For models that learn vision and language from scratch together such as Chameleon, we hope to see synergies between modalities. Is that actually the case? At what points during training do linguistic or perceptual skills emerge? Do they share circuits?
While CoT reasoning has made large progress, visual reasoning is still in its infancy. How can we interpret reasoning that might not happen anymore in textual form, such as continuous reasoning or in pixel-space?

Trends:

I have not been long enough in the field to make strong statements about trends. But I do find the field is maturing a little after so much criticism over the years. People are often self-aware about actionability, weak baselines, correlation vs. causation etc.
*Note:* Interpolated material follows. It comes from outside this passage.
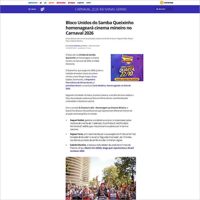 O bloco de rua Unidos do Samba Queixinho vai homenagear o cinema mineiro no Carnaval de 2026, em Belo Horizonte.
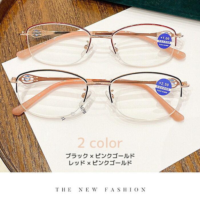 ■素材 フレーム:メタル合金 レンズ:硬質プラスチック樹脂PCレンズ (ブルーライト33%カットクリアレンズ) ■カラー ブラック×ピンクゴールド レッド×ピンクゴールド ■度数 +1.0 +1.5 +2.0 +2.5 +3.0 ■重量:約33g メガネクロス付属 (メガネの購入数量分) 【商品名】 老眼鏡 ブルーライトカット おしゃれ レディース フレームレス エレガント シニアグラス リーディンググラス 度数 1.0 1.5 2.0 2.5 3.0 PCメガネ パソコン 老眼鏡 おしゃれ レディース アイウェア プレゼント 贈り物 送料無料

Some trends that are coming or going: SAEs were hot until the summer this year when e.g. Neel Nanda wrote that they were deprioritizing them. Circuit discovery might have, as mentioned above, a too narrow toolset and a more senior researcher recently said that apparently they were not that popular anymore. Maybe cleverly designed probes will make a comeback? The conclusion for people who are in this for the long haul should be that trends come and go. Let’s not stick to a single trendy method too much, be open-ended and consider simple baselines. I think it’s good to know the “history” of the field, how probes and attention maps started and were perceived over the years. I certainly have a lot more reading to do myself.

───

Final thoughts: Working on interpretability instills a mindset of always asking about the Why, the How and critically questioning deeply held assumptions by the community. In essence: the scientific method and curiosity. It’s not a perfect field but I think it is the right mindset to understand AI systems in the coming decades. The journey has just begun.

Final final addendum: Among the many inspiring interpretability researchers David Bau really captures the spirit I am trying to convey in my writing here. He recently gave a talk at the MechInterp workshop at NeurIPS 2025, summarized in the blog post In Defense of Curiosity.